Le budget dépend beaucoup des dates et du niveau de confort recherché, mais il faut garder en tête que Copenhague est plus chère que la moyenne européenne. L’hébergement et les repas représentent la plus grande part des dépenses, auxquels s’ajoutent la location de vélos, une éventuelle soirée aux Tivoli Gardens et une sortie sur les canaux. En modulant entre restaurants de quartier, cafés et options plus simples, on peut garder ce séjour dans une fourchette maîtrisée.
Où dormir à Copenhague pour 2 à 3 jours sans voiture ?
Pour un court séjour sans voiture, il est pratique de dormir dans le centre élargi ou près de Vesterbro ou Nørrebro, à proximité à la fois d’une station de métro et des pistes cyclables.
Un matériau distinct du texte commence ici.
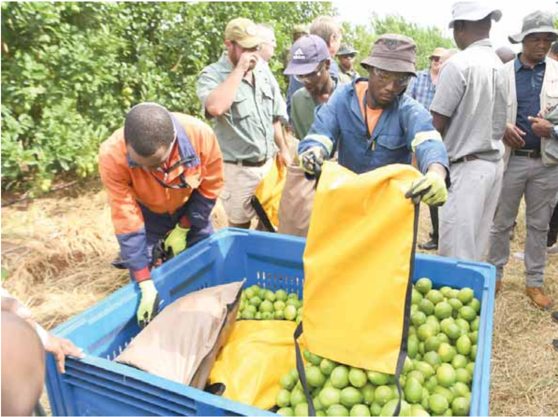
Minister of Labour and Home Affairs, Major General Pius Mokgware told Parliament that out of the 696 farm workers currently employed by Selebi Phikwe Citrus Project, 320 were Batswana engaged on permanent basis, while 110 were Batswana temporary workers. He cited lack of professional picking and packaging skills, which were not available in Botswana, as one of the reason for importing labour from other countries.

Cela permet de rejoindre facilement l’aéroport, de circuler à vélo dans plusieurs directions et de sortir le soir sans prévoir de longs retours. Le choix se fait surtout entre ambiance très centrale et atmosphère plus “quartier” selon ce que l’on recherche.
Copenhague au printemps est-elle une bonne idée pour un city-trip en couple ?
Le printemps à Copenhague se prête très bien à un city-trip en couple : journées suffisamment longues, ambiance calme mais vivante, cafés chaleureux, promenades le long des canaux et nombreux points de vue à découvrir à vélo. Il faut simplement accepter une météo parfois fraîche et changeante, en prévoyant des couches chaudes et un bon coupe‑vent pour profiter pleinement des déplacements à l’extérieur.